A frase de que toda a advocacia foi atacada é correta – mas incompleta – porque uma advogada branca jamais seria atacada daquela maneira, caso estivesse no seu legítimo direito, como a advogada negra estava. “E nem venham me dizer que isso é vitimismo; não bote a culpa nela para encobrir o seu racismo.” (Bia Ferreira).
A resposta para o chamado de socorro de uma mulher negra não ter sido escutado está na página 38 do livro da Djamila Ribeiro [2]; também na página 36 do livro da Chimamanda Ngozi Adichie [3]; ou ainda na página 99 do livro de Carlos Medeiros [4], motivos que levaram Vilma Piedade [5] a criar a palavra Dororidade:” a dor que só pode ser sentida a depender da cor da pele. Quanto mais preta, mais racismo, mais dor.”
Aliás, falando em mulher negra, nesta madrugada, enquanto escrevo, uma voz ecoa ao fundo: a de minha irmã Marielle Franco, que eu já disse, em outro texto [6], ser a maior advogada que já conheci.

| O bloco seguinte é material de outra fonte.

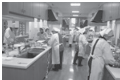
栄養バランスを考えて調理実習
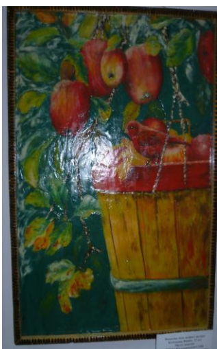
«Яблочный рай» МКОУ Нагольненская СОШ
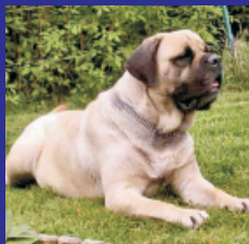
Mastiff (toute origine)
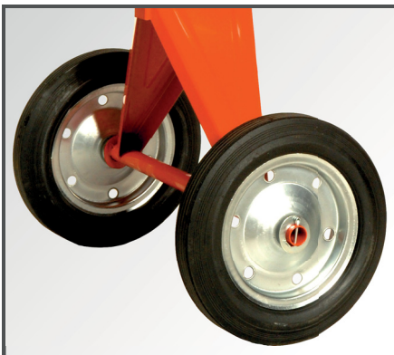
Große Räder (Ø 400 mm), mit Metallfelgen und pannensicherer Vollgummibereifung, für einen einfachen Transport.
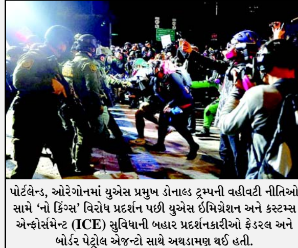
પોર્ટલેન્ડ, ઓરેગોનમાં યુએસ પ્રમુખ ડોનાલ્ડ ટ્રમ્પની વહીવટી નીતિઓ સામે ‘નો કિંગ્સ’ વિરોધ પ્રદર્શન પછી યુએસ ઈમિગ્રેશન અને કસ્ટમ્સ એન્ફોર્સમેન્ટ (ICE) સુવિધાની બહાર પ્રદર્શનકારીઓ ફેડરલ અને બોર્ડર પેટ્રોલ એજન્સી સાથે અથડામણ થઈ હતી.

Proponho, em homenagem à minha irmã Mari, bem como em solidariedade à corajosa advogada negra que ensinou aos homens covardes, como um advogado deve se portar, que seja criado o dia da Advogada negra, que como sugestão poderia ser o dia da morte de minha irmã Marielle, a data de 10 de Setembro de 2018 ou qualquer outro dia que as mulheres negras – que têm muito mais legitimidade do que eu – achem melhor.
Djefferson Amadeus é mestre em Direito e Hermenêutica Filosófica (UNESA-RJ), bolsista Capes, pós-graduado em filosofia (PUC-RJ), Ciências Criminais (Uerj) e Processo Penal (ABDCONST), pesquisador da Coop. Social Fiocruz, Advogado.

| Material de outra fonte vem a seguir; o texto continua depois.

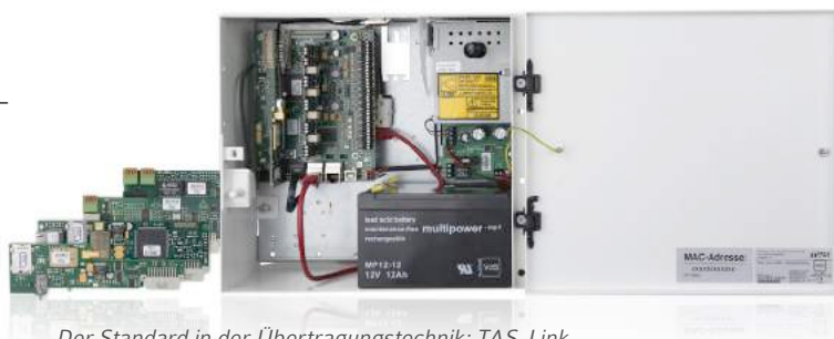
Der Standard in der Übertragungstechnik: TAS-Link

■ Herstellerunabhängiges Sicherheitsmanagement für Gebäude – auf einer Plattform und mit Schnittstellen u. a. zu Gebäudeleittechnik, Videotechnik, Brandmeldesystemen, Einbruch- und Überfallmeldetechnik, Notrufsystemen und zur Aufzugssteuerung.

[1] CARNELUTTI, Francesco. Las Miserias Del Proceso Penal. Traducción de Santiago Sentis Melendo. Ediciones Juridicas Europa-America: Buenos Aires, 1959, p. 40.

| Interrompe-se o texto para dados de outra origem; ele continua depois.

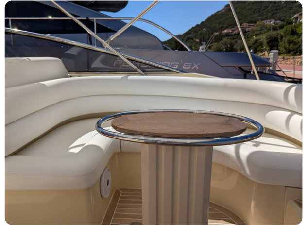
Sarnico Spider cockpit dinette
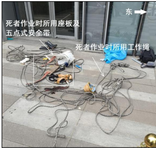
图 1 事故现场地面散落的作业工具
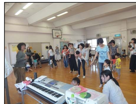
子ども子育てプラザで講座を受講する親子
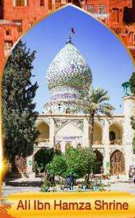
Ali Ibn Hamza Shrine

[2] RIBEIRO, Djamila. O que é lugar de fala? Belo Horizonte. Letramento, 2017, p. 38.
[3] ADICHIE, Chimamanda Ngozi. Sejamos todos feministas. São Paulo: Companhia das letras, 2017, p.36.
[4] MEDEIROS, Carlos Alberto. Na lei e na Raça: Legislação e relação raciais, Brasil-Estados Unidos. Rio de Janeiro,DP&A Editora, 2004, p. 99.
[5] PIEDADE, Vilma. Dororidade. Noz. Prefácio Márcia Tiburi. Rio de Janeiro, 2018, p. 17.